SUPPLEMENTAL MATERIAL
Article title: Modulation of ROS Levels in Fibroblasts by Altering Mitochondria Regulates the Process of Wound
Healing
Journal name: Archives of Dermatological Research
Author names: Jaroslav Janda, Valentine Nfonsam, Fernanda Calienes, James E. Sligh and Jana Jandova
Corresponding author: Jana Jandova, PhD
University of Arizona, Department of Surgery
1501 N Campbell Avenue
Tucson, AZ 85724
Phone: (520) 626 1674
E-mail: [email protected]
FIGURE
Supplemental Figure 1: Differences in proliferation, ROS levels and abilities to close the wound in three
transmitochondrial cybridd cells. A) mtBALB cybrids showing the highest and mt501-1CAP-R the lowest
proliferation rates after 24, 48 and 72 hours. B) The levels of intracellular (upper panel) and mitochondrial ROS
(lower panel) are significantly higher in mtBALB cybrids and significantly lower in mt501-1CAP-R comepred to
mtB6 cybrids (*P<.05, **P<.0005, ***P<.0001). C) mt501-1CAP-R cybrid cells generating the lowest levels of ROS
were able to close the wound more effectively than the mtB6 and mtBALB cybrid generating higher levels of ROS.
METHODS
Proliferation assay
Individual cell lines were plated in the 6-well plates at the concentration of 1x105 cells per well. The cells were
grown for 24 h, 48h and 72h.After each time period the cells were collected and viable cells were counted with a
hemocytometer every other day by the trypan blue exclusion method.
Measurement of ROS
Intracellular: ROS production was detected by using the fluorescent probe DCFH 2-DA (Molecular Probes,
Carlsbad, CA). Cybrid cells were seeded at 150,000 in 6-well plates and allowed to grow for 48h. Then the cells
were trypsinized and resuspended in PBS buffer containing 15µM DCFH2-DA. After 30 minutes of incubation in
dark at 37 °C, the fluorescent intensity was analyzed by flow cytometry using appropriate wave length (excitation
and emission wavelengths of 490 and 525 nm, respectively).

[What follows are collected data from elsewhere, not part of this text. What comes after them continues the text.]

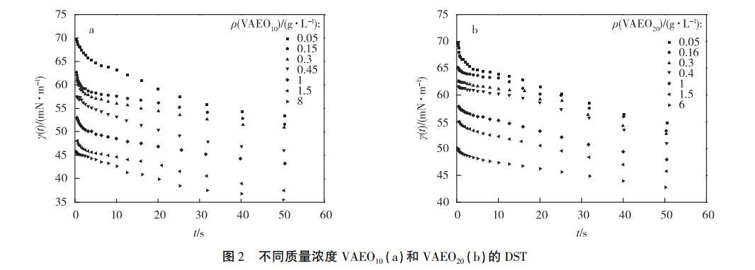 先測定不同質量濃度表面活性劑室溫25℃時的靜態表面張力,通過γ-lgρ曲線求得VAEO{}_{10}和VAEO20的臨界膠束濃度(cmc)分別為0.6和0.7g/L(0.83和0.62mmol/L),臨界表面張力(gamma_{text{cmc}})分別為32.9和39.8mN/m.動態表面張力(DST)試驗的表面活性劑質量濃度選擇在10-1——102cmc之間。不同質量濃度VAEO{}_{10}和VAEO{}_{20}在25℃下的DST測定結果如圖2所示。
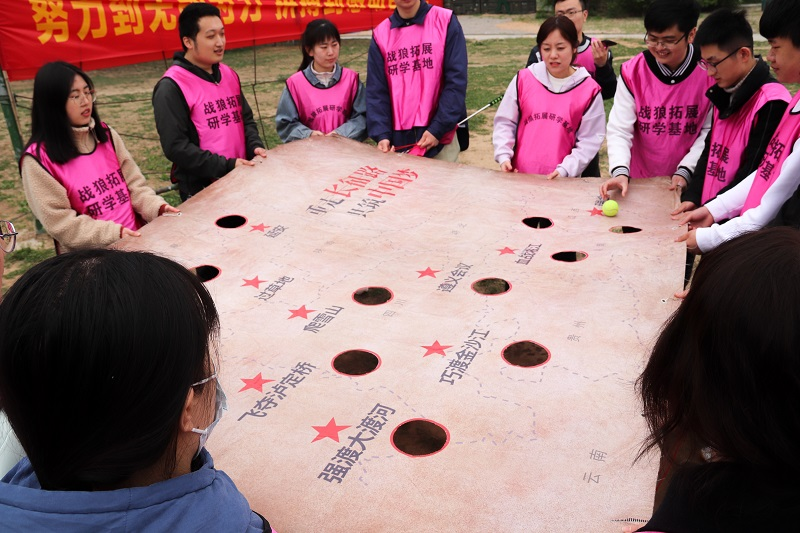 重走长征路要求青年员工们每人手拉着长征地图的边缘,团队协作、通力配合,让地图上的球沿着长征路线到达目的地,旨在通过追寻先烈的步伐,进一步坚定青年员工的理想信念;团队金字塔则更加考验青年员工的动手能力和协作能力,团队成员需根据模型图,将指定道具搭建起金字塔,再使用一根根连接在一起的线绳把网球放置到金字塔的顶端;而团队飞盘是一项融合了极限飞盘、团队建设特点的活动,要求队员们除了要有攻、防的技术外,也必须具备良好的团队精神、体能、速度、智能和意志力。
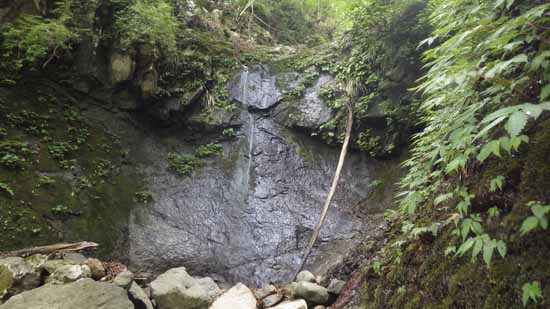 遠目には「即・巻き」とも考えるが、周囲を見渡せば、岩床から左右斜面までが一体となっているので簡単に滝を避ける方法は近くには見あたらない。
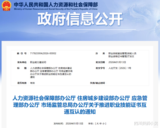 近日,人力资源社会保障部、住房城乡建设部、应急管理部、市场监管总局四个重量级部门联合印发了《关于推进职业技能证书互通互认的通知》。
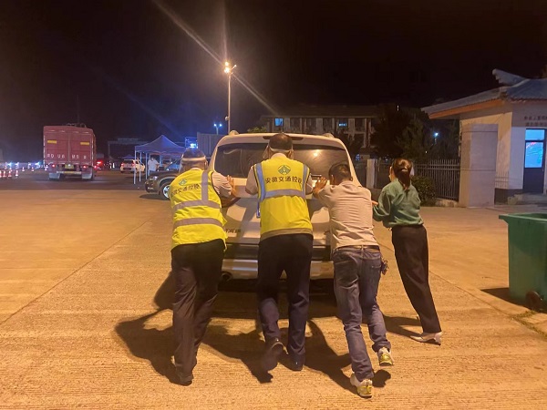 “您好,请问需要热水吗?”他们推着爱心服务车,免费为司乘人员送上热水、泡面等应急食品。一句句热情的话语,一声声贴心的问候,舒缓了司乘人员急躁的情绪,换来一声声的感谢。

Mitrochondrial: Mitochondrial superoxide was detected using the MitoSOX™ Red dye (Thermo Fisher Scientific,
Grand Island, NY). Cybrid cells were seeded at 150,000 in 6-well plates and allowed to grow for 48h, then the
cells were stained with 3µM of MitoSOX™ Red dye dissolved in Hanks' Balanced Salt Solution (Invitrogen
Corporation, Carlsbad, CA) for 30 min in the dark at 37 °C. After incubation with a dye, cells were washed with
PBS, trypsinized and resuspended in PBS. MitoSOX™ Red fluorescence was analyzed by flow cytometry with
488nm excitation laser using appropriate filters to detect fluorescence emission shift from green (529nm) to red
(590nm).
Scratch assay
Cybrid cell lines were plated to near confluency in 6-well plates overnight. The next day scratches were made in the
cells with a sterile 200 µL pipet tip. Plates were marked on the underside as a landmark for taking pictures. Pictures
were immediately taken with a 10× objective on a Nikon eclipse TE2000-S microscope with Metamorph software.
Pictures were taken 24 hours later using the marked underside as a landmark for alignment.